I am coming from a C background and the below dynamic allocation of an array
of pointers makes sense to me:
#define SIZE 2
int **p;
p = malloc ( SIZE * sizeof ( int * ));
for(int j=0; j<SIZE; j++)
p[j] = malloc( SIZE * sizeof ( int ) );

In C++, I have found out that the dynamic allocation of an array of pointers
looks like below:
int ** a ;
*a = new (int*)[SIZE];
for(int j=0; j<SIZE; j++)
a[SIZE] = new int[SIZE];

cout << &a << " " << a << " " << &a[0] << " " << a[0] << " " << &a[0][0]
<< endl << endl;


1. why is it "*a = new (int*)[SIZE];" and not "a = new (int*)[SIZE];" as in
C? The C++ compiler compains: "Cannot convert 'int *' to 'int * *' in
function main()"
2. cout outputs: 0012FF88 008521D4 008521D4 00000000 00000000 . I cannot
understand the last two zero addresses.

TIA
jimjim



Heinz Ozwirk 03-25-2006 03:26 PM

Re: dynamic allocation of an array of pointers
 
"jimjim" <netuser@blueyonder.co.uk> schrieb im Newsbeitrag news:0NbVf.41831$wl.2734@text.news.blueyonder.co.u k...
> Hello,
>
> I am coming from a C background and the below dynamic allocation of an array
> of pointers makes sense to me:
> #define SIZE 2
> int **p;
> p = malloc ( SIZE * sizeof ( int * ));
> for(int j=0; j<SIZE; j++)
> p[j] = malloc( SIZE * sizeof ( int ) );
>
> In C++, I have found out that the dynamic allocation of an array of pointers
> looks like below:
> int ** a ;
> *a = new (int*)[SIZE];
> for(int j=0; j<SIZE; j++)
> a[SIZE] = new int[SIZE];
>
> cout << &a << " " << a << " " << &a[0] << " " << a[0] << " " << &a[0][0]
> << endl << endl;
>
>
> 1. why is it "*a = new (int*)[SIZE];" and not "a = new (int*)[SIZE];" as in
> C? The C++ compiler compains: "Cannot convert 'int *' to 'int * *' in
> function main()"


Actually it is "a = new int*[SIZE];". "a = new (int*)[SIZE]" should also compile, at least it does with Comeau's online compiler, but several other compilers seem to be confused by those extra parentheses, which looks too similiar to a cast, I guess.

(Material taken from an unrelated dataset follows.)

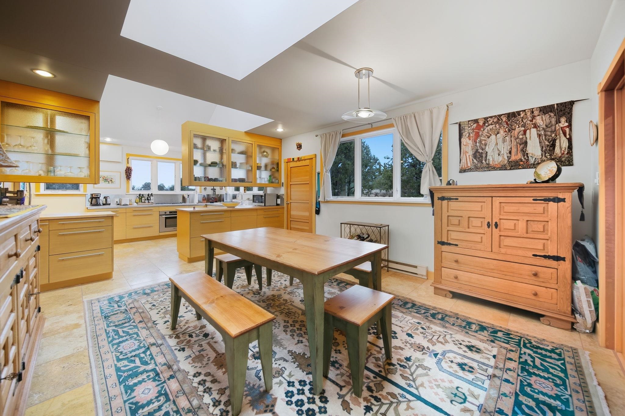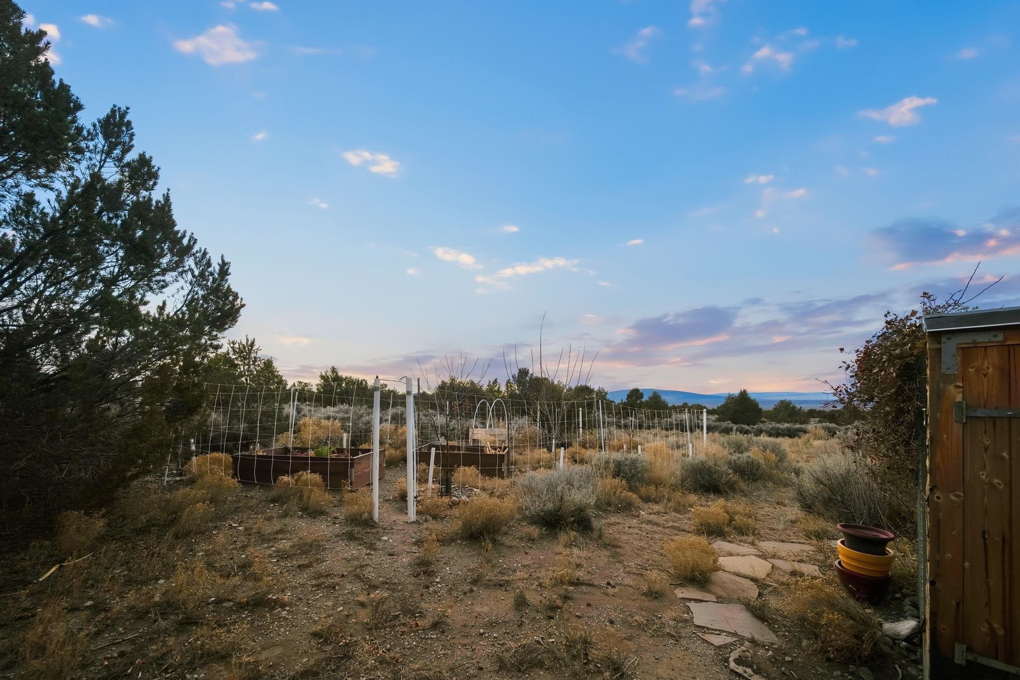 Light-Filled High Desert Sanctuary in El Rito/Latir ~ A true masterpiece of high desert architecture awaits at this stunning sanctuary, privately tucked at the end of a gated road on 5.78 acres in El Rito/Latir. Nestled in the foothills of the Sangre de Cristo Mountains, the vista encompasses the Northern Rio Grand National Heritage Area, Ute Mountain, San Antonio Mountain, Mt. Blanca in Colorado, and more ranges that offer the finest views Northern New Mexico has to offer. This architect-designed, custom 2-bedroom, 2-bath residence (2006) is defined by superior 2x6 construction and a focus on views and light. The sunroom and greenhouse provide exceptional passive solar gain while offering a space for winter food and summer flowers. Enjoy sunsets from the living room, and light from the twelve incredible skylights throughout the home that ensure every vaulted interior space is bathed in natural light. Impeccable craftsmanship and thoughtful care are evident inside, from the classy see-through living room fireplace and sophisticated recessed lighting to the fossil-filled travertine tile and artistic contemporary Southwestern finishes. The gourmet kitchen boasts handmade, German-inspired cabinetry, ample counter space, and top-tier energy-efficient stainless steel appliances, seamlessly integrating function and artistry. Thoughtful luxuries include extensive built-in bookcases, wool carpet, a Japanese soaking tub, and a dedicated, sun-drenched office. The practical features continue with an automatic-door one-car garage and a dual-fuel generator for reliable backup. Outside, a maintenance-free composite deck wraps half the home, ideal for sipping sunrise coffee or evening patio entertaining. The pristine, low-maintenance landscaping features local sculptures, perennials, an automatic sprinkler system, and an orchard protected by electric fencing. A handsome custom metal dog kennel accessible via the laundry room doggy door is perfect for your furry friends to play while you relax and absorb world-class sunsets and big, starry night skies near the Latir Peak Wilderness. This unique property is minutes from world-class skiing at Taos Ski Valley and Red River, the Rio Grande Wild Rivers Recreation Area, and the RCCLA Rio Costilla Park and Campground for superb hiking, fishing, and camping. The Kagyu Mila Guru Stupa is just around the corner for meditation and prayer, downtown Taos is a lovely drive South for shopping and gourmet dining, and Colorado nature or Denver amenities are an easy outlet North. This is your chance to own a piece of New Mexico magic at your very own high desert mountain sanctuary.

> 2. cout outputs: 0012FF88 008521D4 008521D4 00000000 00000000 . I cannot
> understand the last two zero addresses.


What would you expect with your C background when you see

p = calloc(SIZE, sizeof(int*));
p[SIZE] = calloc(SITE, sizeof(int));

?

You asked for undefined behaviour and you got it.

Regards
Heinz

Kai-Uwe Bux 03-25-2006 03:32 PM

Re: dynamic allocation of an array of pointers
 
jimjim wrote:

> Hello,
>
> I am coming from a C background and the below dynamic allocation of an
> array
> of pointers makes sense to me:
> #define SIZE 2
> int **p;
> p = malloc ( SIZE * sizeof ( int * ));
> for(int j=0; j<SIZE; j++)
> p[j] = malloc( SIZE * sizeof ( int ) );
>
> In C++, I have found out that the dynamic allocation of an array of
> pointers looks like below:
> int ** a ;
> *a = new (int*)[SIZE];
> for(int j=0; j<SIZE; j++)
> a[SIZE] = new int[SIZE];
>
> cout << &a << " " << a << " " << &a[0] << " " << a[0] << " " << &a[0][0]
> << endl << endl;


I think, this should be:

#include <iostream>

const unsigned SIZE = 50;

int main ( void ) {
int ** a ;
a = new int* [SIZE]; // note: there are no parentheses around int*
for(int j=0; j<SIZE; j++)
a[SIZE] = new int[SIZE];
std::cout << &a << " " << a << " "
<< &a[0] << " " << a[0] << " " << &a[0][0]
<< std::endl << std::endl;

}


> 1. why is it "*a = new (int*)[SIZE];" and not "a = new (int*)[SIZE];" as


Try: "a = new int* [SIZE];"


> in C? The C++ compiler compains: "Cannot convert 'int *' to 'int * *' in
> function main()"
> 2. cout outputs: 0012FF88 008521D4 008521D4 00000000 00000000 . I cannot
> understand the last two zero addresses.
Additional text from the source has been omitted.